I’m trying to find a way to create a new variable called “Race” and merge the values from the separate columns into one. If a respondent has selected multiple races, the Race variable should be coded as “Mixed”.
ID <- c(rep(c(1:8), 1))
White <- c("White",NA,NA,NA,NA,NA,"White","White")
Asian <- c(NA,NA,NA,NA,NA,"Asian",NA,"Asian")
SouthAfrican <- c(NA,"SouthAfrican",NA,NA,NA,NA,NA,"SouthAfrican")
Hispanic <- c(NA,NA,NA,NA,"Hispanic","Hispanic",NA,NA)
WestAsian <- c(NA,NA,NA,NA,NA,NA,"WestAsian",NA)
PreferNotToAnswer <- c(NA,NA,"PreferNotToAnswer", "PreferNotToAnswer",NA,NA,NA,NA)
df <- data.frame(ID, White, Asian, SouthAfrican, Hispanic,WestAsian,PreferNotToAnswer)
# Create Race variable
df$Race <- NA
# Set Race variable to "White" when "White" is present
df$Race[df$White == "White"] <- "White"
# Set Race variable to "Asian" when "Asian" is present
df$Race[df$Asian == "Asian"] <- "Asian"
# Set Race variable to "SouthAfrican" when "SouthAfrican" is present
df$Race[df$SouthAfrican == "SouthAfrican"] <- "SouthAfrican"

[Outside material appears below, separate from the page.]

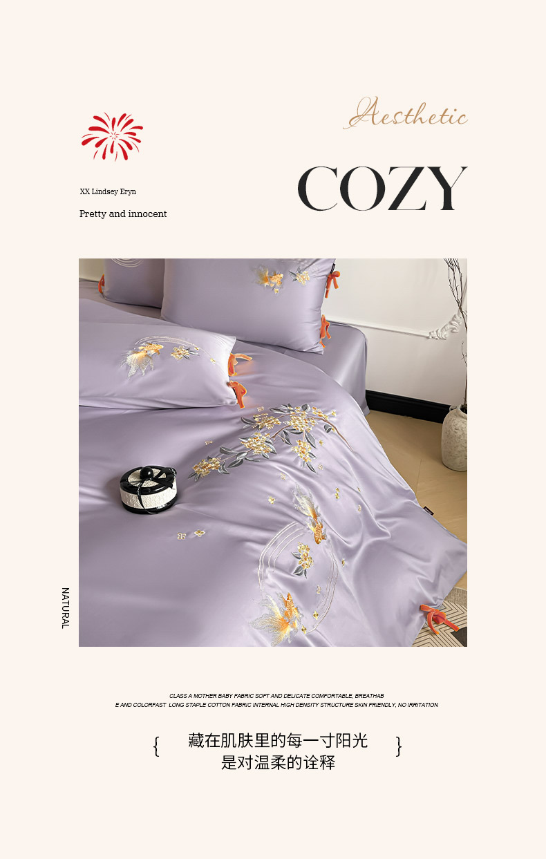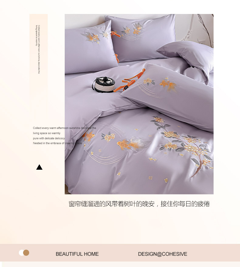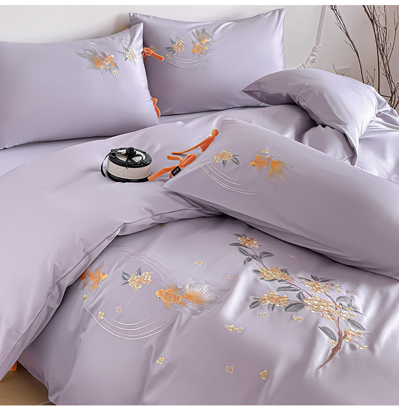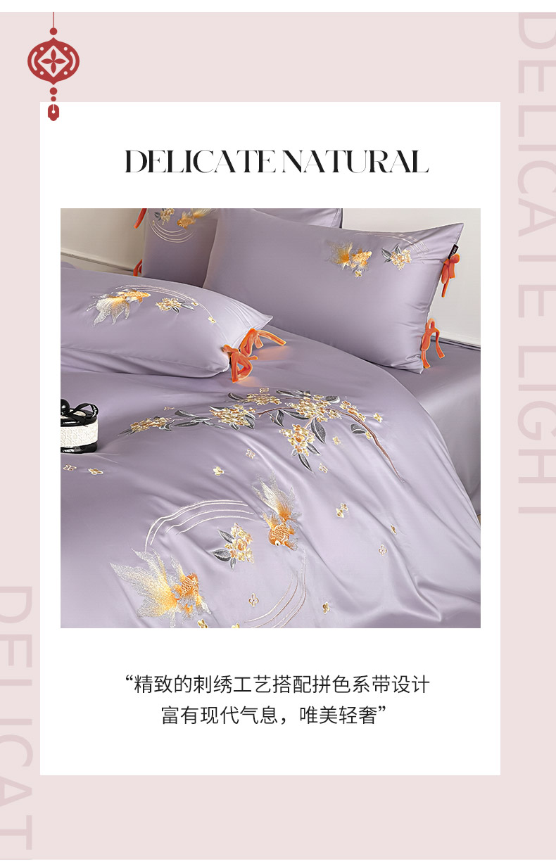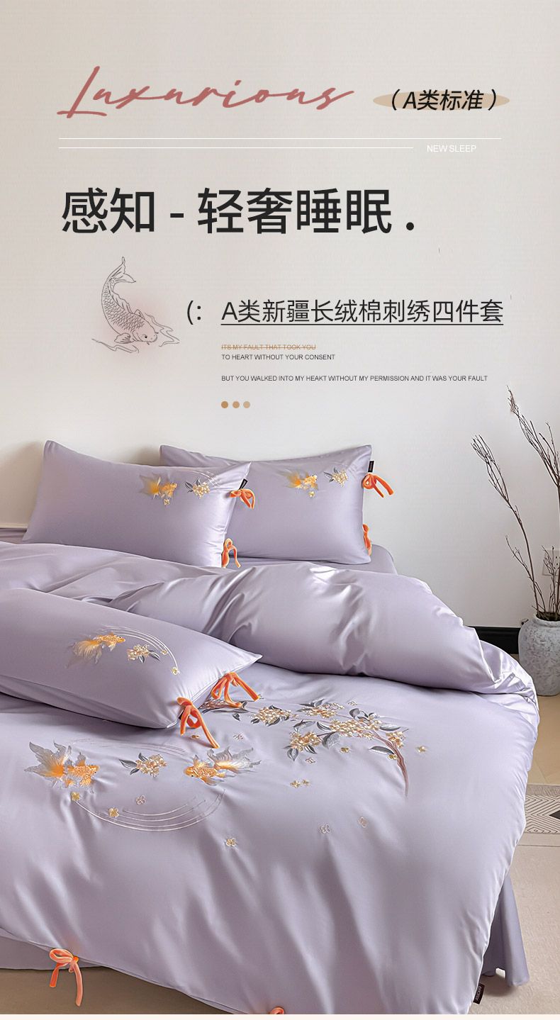 • 91家纺网 家纺一手货源 找家纺  2026新款50S双股A类长绒棉纯棉四件套全棉喜庆刺绣被套床单床笠-福瑞锦鲤 福瑞锦鲤-紫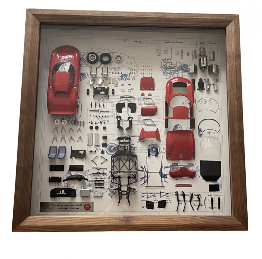 Popis modelu: Rám s rozloženým modelem Ferrari 250 LM. Účelem je kromě dekorace ukázat, z kolika dílů je model sestaven a co vše je ve skutečnosti skryto pro běžné pozorování. Sestava by měla být namontována na koženou desku s hliníkovým rámem, vše by mělo být zakryto akrylátovým krytem, jako ochranou proti prachu.

# Set Race variable to "Hispanic" when "Hispanic" is present
df$Race[df$Hispanic == "Hispanic"] <- "Hispanic"
# Set Race variable to "WestAsian" when "WestAsian" is present
df$Race[df$WestAsian == "WestAsian"] <- "WestAsian"
# Set Race variable to "PreferNotToAnswer" when "PreferNotToAnswer" is present
df$Race[df$PreferNotToAnswer == "PreferNotToAnswer"] <- "PreferNotToAnswer"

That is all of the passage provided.